When Mahesh Patel stepped in as CFO of software-as-a-service-based data protection company Druva five years ago, sales representatives were making deals by offering clients a menu of a-la-carte solutions, but those solutions weren't creating the kind of value that leads to higher customer spend over the long term. So Patel worked with others to get that changed, and now the company sees far higher value from each customer by selling services in bundled packages.
"None of these new value-added features [sales reps were offering] added significant extra bookings or dollars or revenue to us," Patel said in a CFO Thought Leader podcast last week. "Meanwhile, [as CFO], I'm investing in these solutions.... So it became a bizarre situation where it felt like we were actually commoditizing ourselves."
Patel said he worked with the CEO and a board member on a new way to price and package the company's solutions. "We went from selling 10 to 15 solutions to actually bringing it down to just three," he said. "We started bundling every solution, and by bundling these solutions into one, it made our sales organization start thinking about selling value, not just augmenting solutions."
Once the change took effect, average revenue per user, a metric he gave scant attention to before, shot up. "It wasn't part of our DNA before I joined," said Patel, who worked for a pair of Big-4 accounting firms about 15 years ago before moving to increasingly high-level finance roles at a handful of technology companies. "We started measuring on a per-unit basis whether what we were selling added more value.... We made it easy for sales to just go out with one solution at a time to make them sell more value."
Patel said he only looks at a few metrics each day. "I don't want to overdo it because if I have 28 pages of metrics, I’m not going to know which way to go when I finish that cup of coffee," he said.
Among his go-to metrics is annual recurring revenue (ARR) and how that corresponds to the capacity of the company's sales team and the quota they're expected to attain.
"What's our trajectory to hit our forecast in the quarter?" he said. "How does that correspond to how reps perform? So, I can look at how much the sales team is doing and whether performance is aligned to where my expectation measure is. That would dictate whether I need to hire more reps next quarter to handle more of our growth and do it efficiently at the same time."
He also looks at net retention. "We have an amazing opportunity at our organization when a customer deploys our solution and they stay and add more data to us over time," he said. "So, our net retention is a metric that's a proxy of how an existing customer grows with us over time. We've historically maintained a 120% net retention, so an average customer grows at least 20% year-over-year, a metric we maniacally focus on to make sure not only our customer is happy, so they're not churning, but they're adding more services, continuing to grow and stay with us for a long period of time."
Patel said he follows the rule of 40. That's a guidepost unique to SaaS businesses in which a company can spend cash at any rate it wants as long as its growth rate is 40 percentage points higher than its free cash flow margin.

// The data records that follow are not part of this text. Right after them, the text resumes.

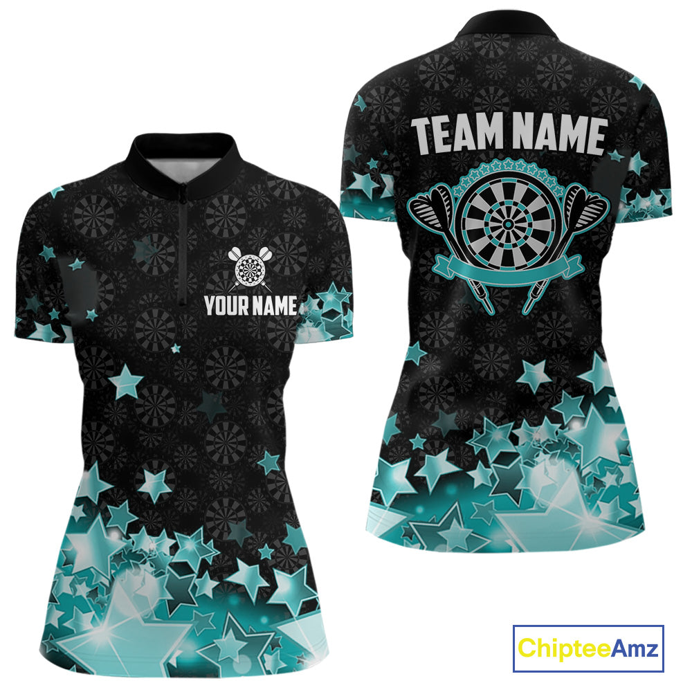 Funny Custom Dart Shirt For Women, Turquoise Black Glowing Star Pattern Darts Polo & Quarter Zip TDM5325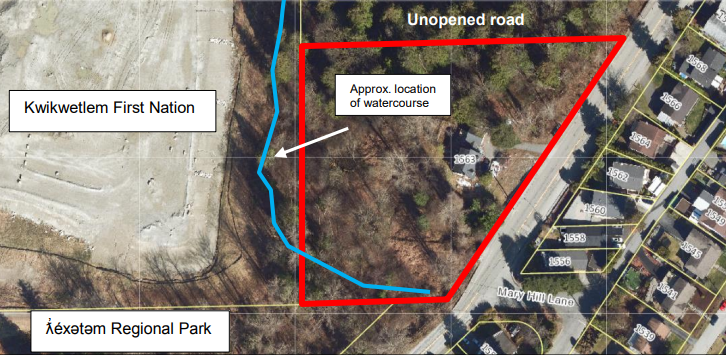 The 2.8-acre property is currently occupied by a single-family home surrounded by mature trees. An unnamed stream runs along the south and west boundary of the lot near ƛ̓ éxətəm (tla-hut-um) Regional Park, formerly known as Colony Farm Regional Park.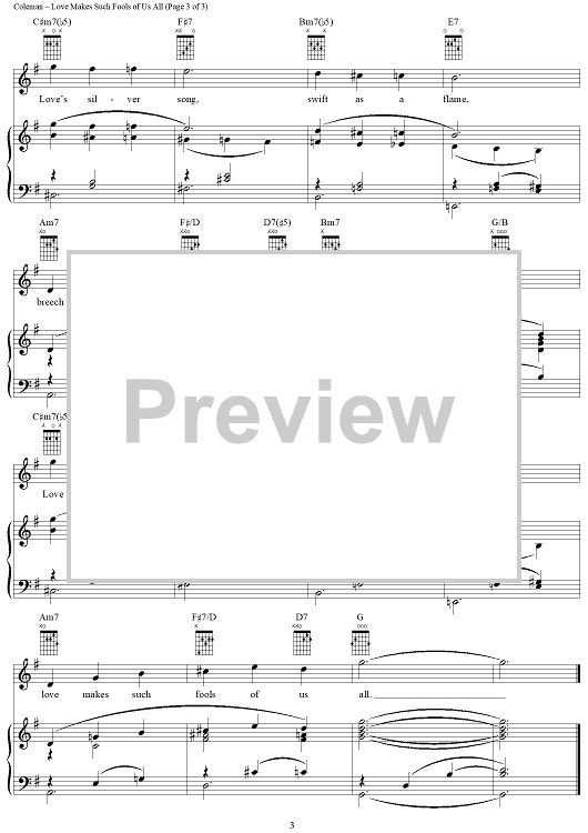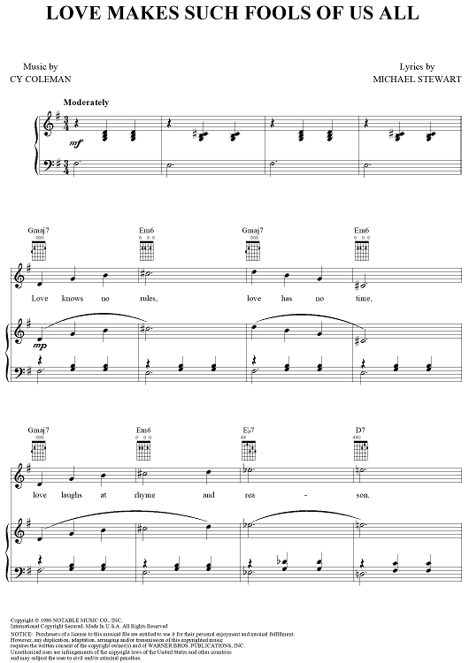 Digital Sheet Music for Love Makes Such Fools of Us All by Cy Coleman, Michael Stewart scored for Piano/Vocal/Chords; id:272361
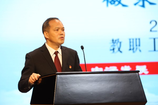 随后,坂田校区党总支委员、工会主席、办公室主任胡联辉同志发言。胡联辉同志号召老师们做四项投资:一、投资本事——“有扎实学识”,这就是“底气和底蕴”;二、投资情操——“有道德情操”,这就是“底线”;三、投资健康,强健的身体,是一个人应对生活的底气;四、投资家庭,经营小家,心有大家,奉献国家。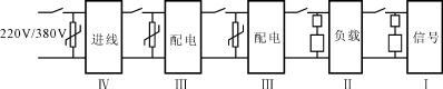 從圖1可以看出,在220V/380V線路中的每一區域,都應該在其前面并聯氧化鋅壓敏電阻器或過電壓保護器,雷電感應過電壓能量將通過逐級的防雷器件吸收和釋放到大地中,達到保護線路和設備免受雷電破壞的目的;雖然應用于Ⅳ、Ⅲ區域的過電壓保護器具有自身劣化斷開電源的功能,但考慮到不同的接地狀況,還應與過電壓保護器串聯合適的熔斷器或空氣開關.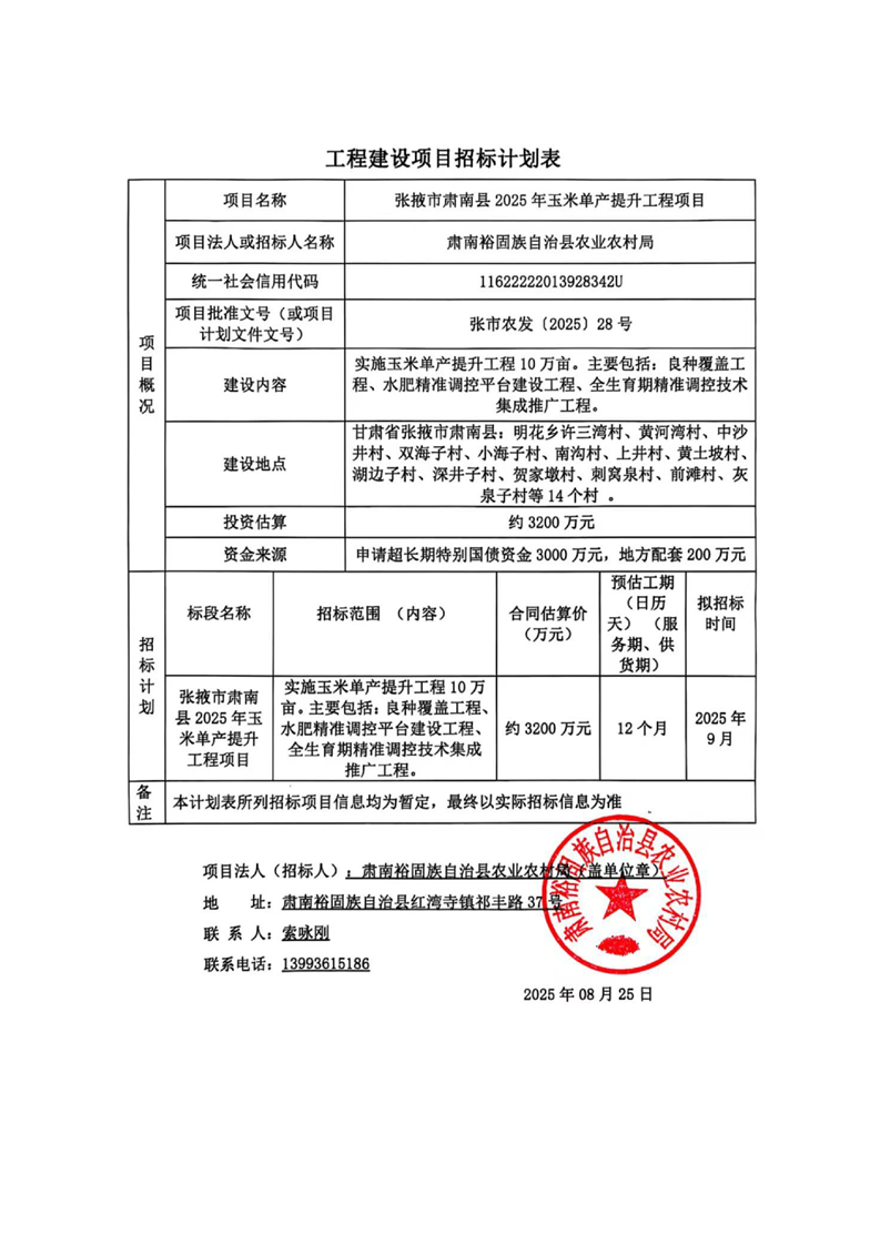 张掖市肃南县2025年玉米单产提升工程项目招标计划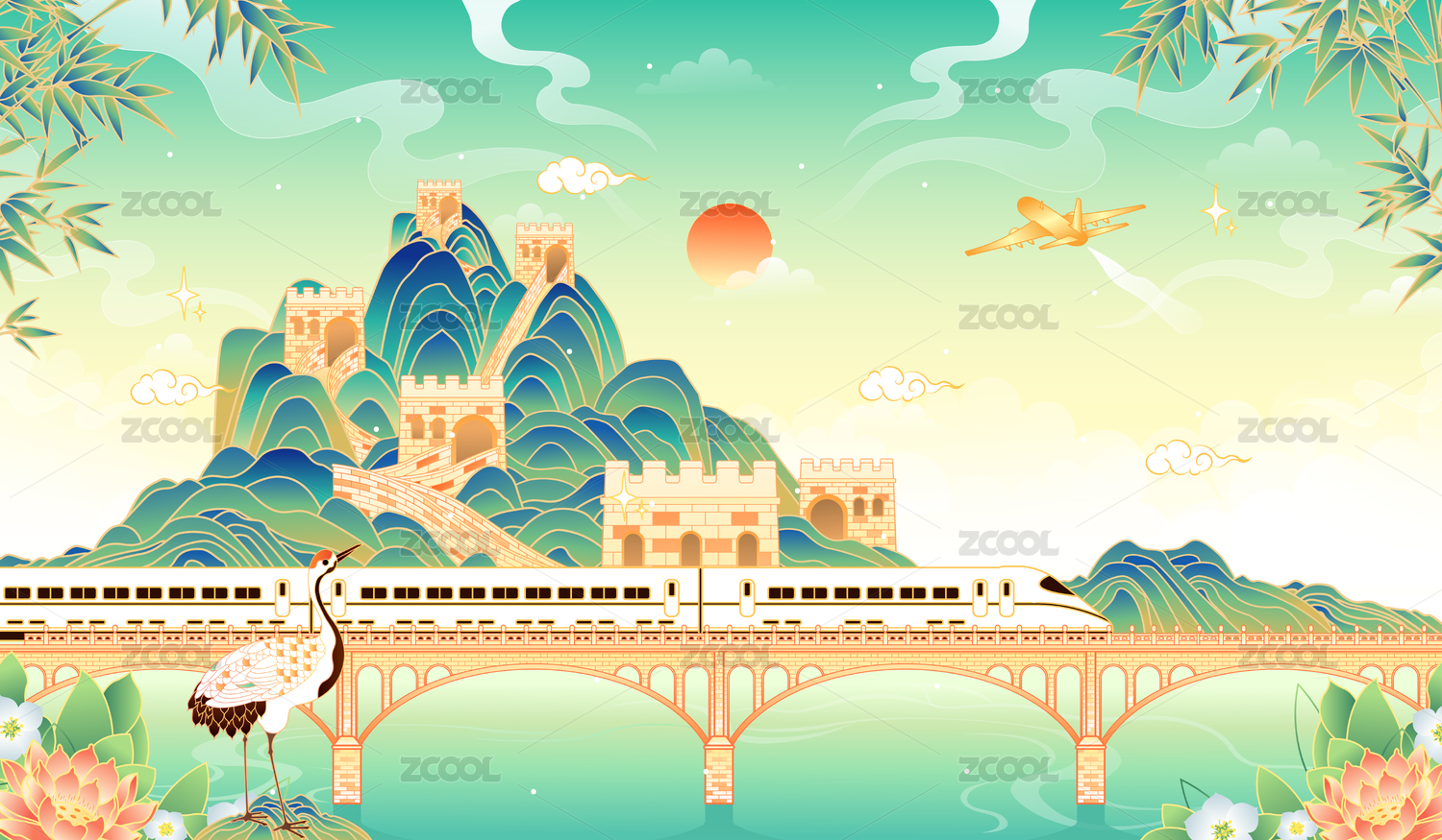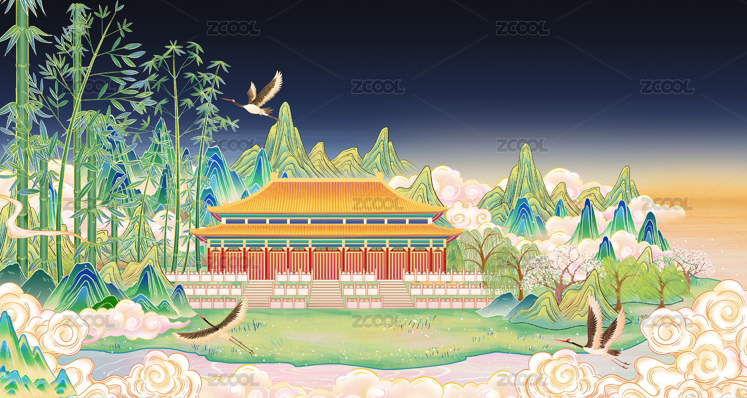 中国园林城市建筑国风山水插画海报背景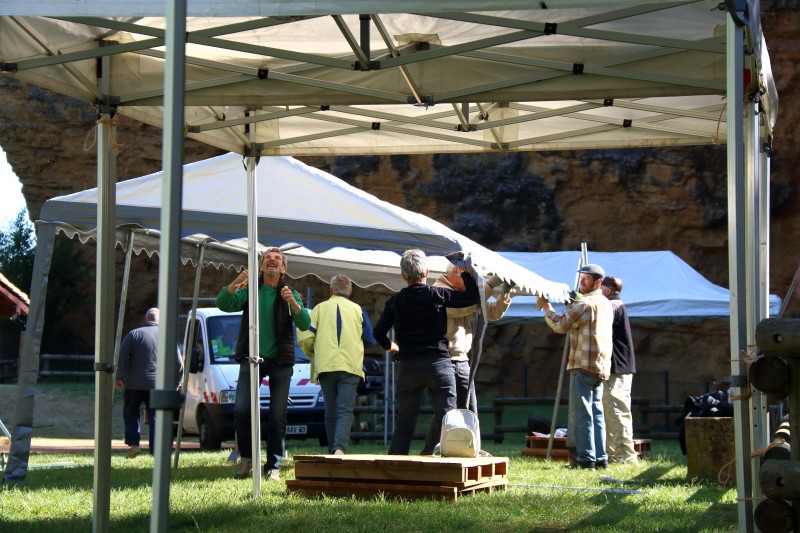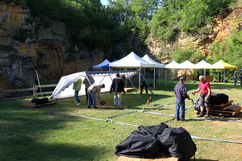Le vendredi, les adhérents de l'association et une soixantaine de bénévoles,( que nous remercions vivement de leur aide), ont aménagé le site et installé les stands ce qui représente une grande activité mais toujours dans la joie et la bonne humeur.

"I don't expect to hit it at our scale, but I expect us to continuously have leverage and motion toward that scale and grow that efficiency in our model," he said. "If I don’t see that leverage in our business model, I continually challenge us to be better than that."
In his five years at Druva, Patel has led four capital raises to generate about $200 million in equity. In addition to traditional accounting and finance functions, he oversees several of the company's functional areas, including legal and IT.
"I operate more in a COO-type capacity because I control the financial outcome of this company, so I'm able to go upstream and help drive decisions," he said.
His expanded responsibility represents a sea change from how things were when he started in business.
"Often the finance organization was relegated to just being the finance organization," he said. Today, "we help control the outcome. We're not just there reporting. Especially in SaaS organizations, where we live and breathe together. So, being actually part of these business decisions, using these business metrics, to drive an organization's decisions is really important."